Схватив винтовку наизготовку, я побежал, что было сил. Меня и дикарей разделяло что-то около трехсот футов, и я был в достаточно хорошей форме, чтобы преодолеть это расстояние секунд за сорок.
Пока я бежал, ситуация на поле боя изменилась. Дикари встали в ряд и выступили навстречу волкам, один из них, тот, что шел в центре, выскочил вперед и выбросил вперед копье. Волк, поджав все четыре лапы, отпрыгнул в сторону, разминувшись с металлическим наконечником на считанные дюймы.
И тут один из волков прыгнул. Всем своим весом он врезался в одного из парней, сбил его на землю. Мощные челюсти сомкнулись на горле жителя племени, тот захрипел, но почти тут же затих. Во все стороны брызнула кровь из разорванных артерий.
Дикари закричали, встали спиной к спине, прикрывая друг друга и браминов, которые продолжали жевать траву, даже не замечая, что творится. По своему опыту я знал, что твари они упрямые и буквально непрошибаемые. Даже и не знаю, что нужно, чтобы вывести их из равновесия.
Еще один из волков бросился вперед, прыгнул, но упал на землю, после того как дикарь сшиб его полет ловким ударом копья. Но второму дикарю не повезло, еще один из волков бросился на него и сбил на землю. Однако почему-то зверь схватил его не за горло, как первого, а за ногу. Дикарь заорал, брамины, наконец-то отреагировали и стали постепенно расходиться в разные стороны.
Я обежал одного из них, вскинул автомат, прицелился в волка и утопил спусковой крючок. Выстрел грянул очень громко, ему вторило тревожное мычание. Брамины стали разбегаться, и если уж мне удалось расшевелить таких инертных животных, то дело было плохо.
Тут же я перевел огонь на второго волка, и сразу же на третьего. Последний из оставшихся на ногах дикарей тоже показал, что не лыком шит, выбросил вперед свое копье и все-таки нанизал на него волка. Зверь заскулил и упал на землю, суча лапами.
Еще один из волков бросился на меня и попытался схватить меня за ботинок. Только вот пес-переросток не учел того, что у меня на ногах были не обмотки из тряпья, и не самодельная обувь из шкур. Я носил настоящие армейские ботинки, укрепленные металлическими вставками. Такие даже волку прокусить было не под силу.
Резко дернувшись назад, я выдернул ногу из слюнявой пасти и тут же пнул зверя по по морде.
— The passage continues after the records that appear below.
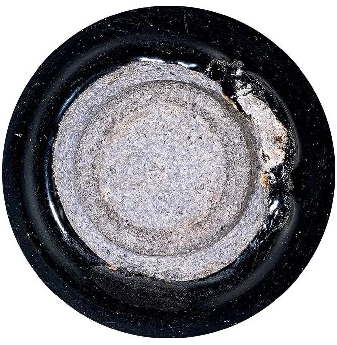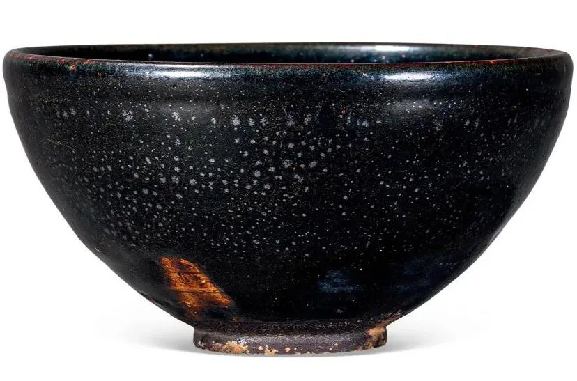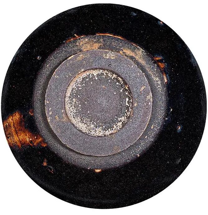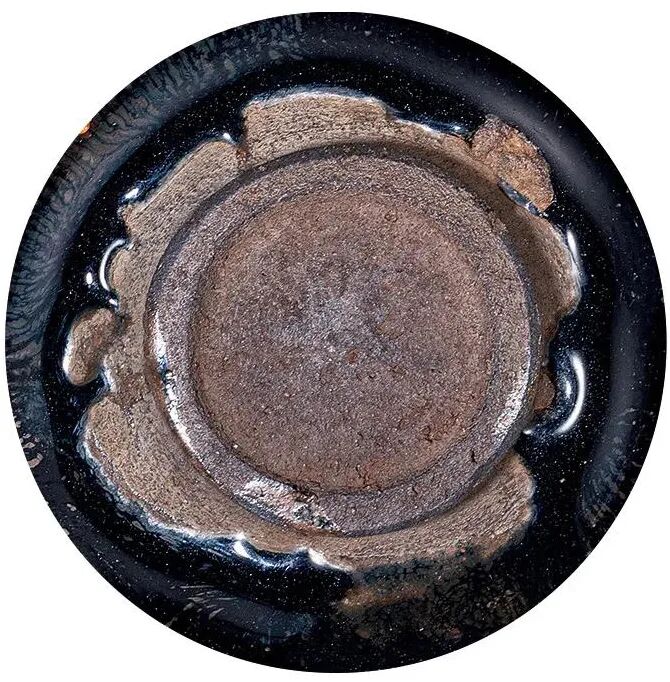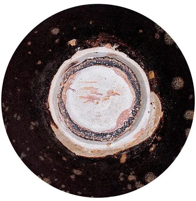本品敞口,弧壁,圈足,弧线优美,小巧雅致,内外满施黑釉,黑釉上点撒油滴状铁锈斑纹,不规则的分布在盏中,远观之犹如浩瀚星际,繁星熠熠,近观之如雪花片片,有踏雪寻梅之意境,韵味独具。盏外施釉至圈足处,圈足露胎处涂有黑色护胎釉,为怀仁窑最为明显的一个特征。
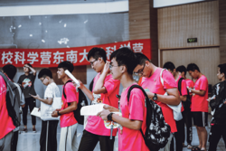 在各班班主任的引导下,近两百名高中生有序进场。在拿到活动简介和积分卡后,同学们便迫不及待地去挑战自己感兴趣的游戏项目,在每个项目前,都有工作人员进行耐心地讲解和示范。舞台上,主持人一遍又一遍地播送着各种通知,跳动的微信墙上也实时展示了同学现场游戏的照片。同学们或是兴高采烈地享受着团队游戏,或是全神贯注地投入到智力游戏中,场上不断传来同学们欢快的笑语声和紧张的加油声。
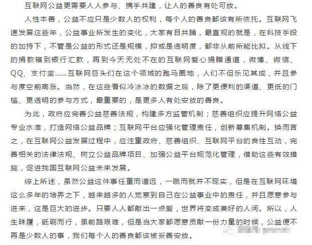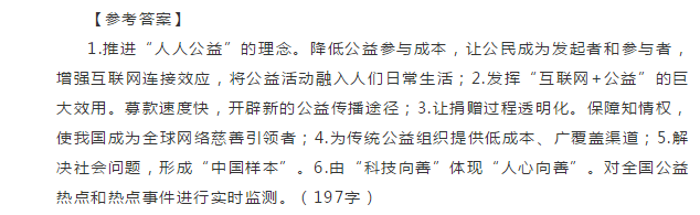第一题:根据“给定资料1-3”,请概括互联网公益和传统公益相比有哪些优势?(15分)
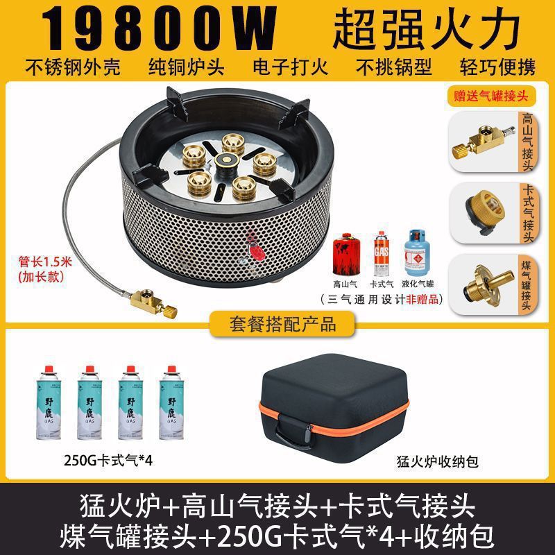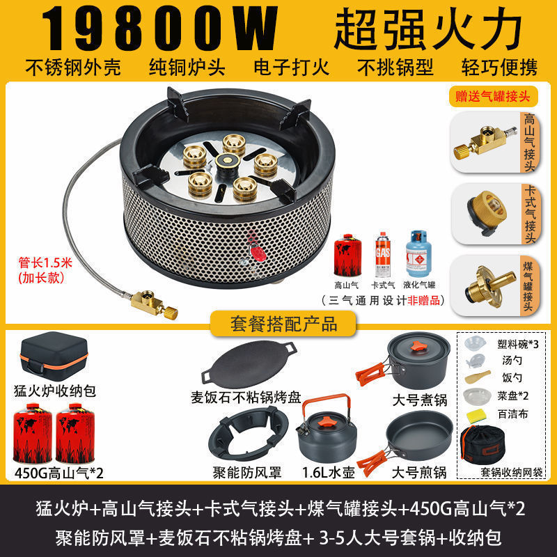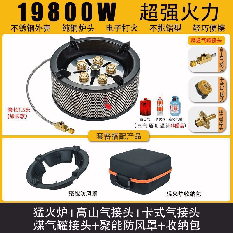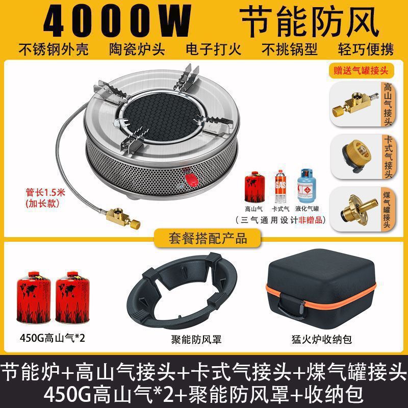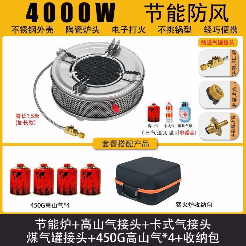 • Six Star Meng 스토브 - 에너지 수집 방풍 커버 + 플랫 가스 카드 가스 커넥터 + 보관 가방

Волк отскочил и тут же получил короткую очередь из автомата.
Дикарь ударил копьем того из волков, что продолжал трепать ногу его товарища, а я тем временем застрелил оставшегося волка. Перезарядил автомат, сунув полупустой магазин в разгрузку, подошел к тому из дикарей, которому волк разорвал горло. Там делать было уже нечего, парень был мертв и смотрел невидящими глазами в небо, на лице его застыло выражение боли и ужаса.
А вот второй, которого укусили за ногу, был цел, но прямо сейчас истекал кровью. Он был без сознания, видимо, лишился чувств от боли. Я достал из специального кармана на разгрузочном жилете бинт и принялся туго перематывать его раны, чтобы хоть как-то остановить кровь.
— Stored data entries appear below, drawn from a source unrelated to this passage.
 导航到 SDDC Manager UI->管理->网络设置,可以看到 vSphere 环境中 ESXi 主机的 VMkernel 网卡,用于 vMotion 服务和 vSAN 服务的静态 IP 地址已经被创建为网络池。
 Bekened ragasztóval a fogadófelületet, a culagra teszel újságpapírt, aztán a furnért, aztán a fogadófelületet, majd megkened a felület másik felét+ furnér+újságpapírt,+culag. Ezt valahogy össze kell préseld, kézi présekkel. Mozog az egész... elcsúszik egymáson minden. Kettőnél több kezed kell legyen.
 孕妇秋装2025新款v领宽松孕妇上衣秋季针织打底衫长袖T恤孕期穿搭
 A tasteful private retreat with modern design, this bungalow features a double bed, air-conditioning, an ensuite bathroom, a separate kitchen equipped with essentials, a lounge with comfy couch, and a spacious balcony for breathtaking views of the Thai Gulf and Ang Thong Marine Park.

Единственный оставшийся на ногах дикарь никак не препятствовал мне. Он только смотрел на меня широкими глазами и молчал. Похоже, что он был в шоке, но не столько от нападения волков, с которыми он, как ни крути, дрался, сколько от моего внезапного появления. Ну, он не пытался напасть, и то хорошо. А то мог бы и броситься.
Кто знает, что у других людей в черепной коробке творится? Я вот, например, не знаю. И вряд ли хоть кто-нибудь может похвастаться таким знанием.
Повязка стала пропитываться кровью, но, скоро кровотечение должно было остановиться. Чтобы компенсировать кровопотерю я достал стимулятор, снял иглу со шприца, сжал мышцу на бедре дикаря и вогнал туда иглу. Он дернулся, я надавил на поршень, вводя лекарство, но в сознание парень так и не пришел.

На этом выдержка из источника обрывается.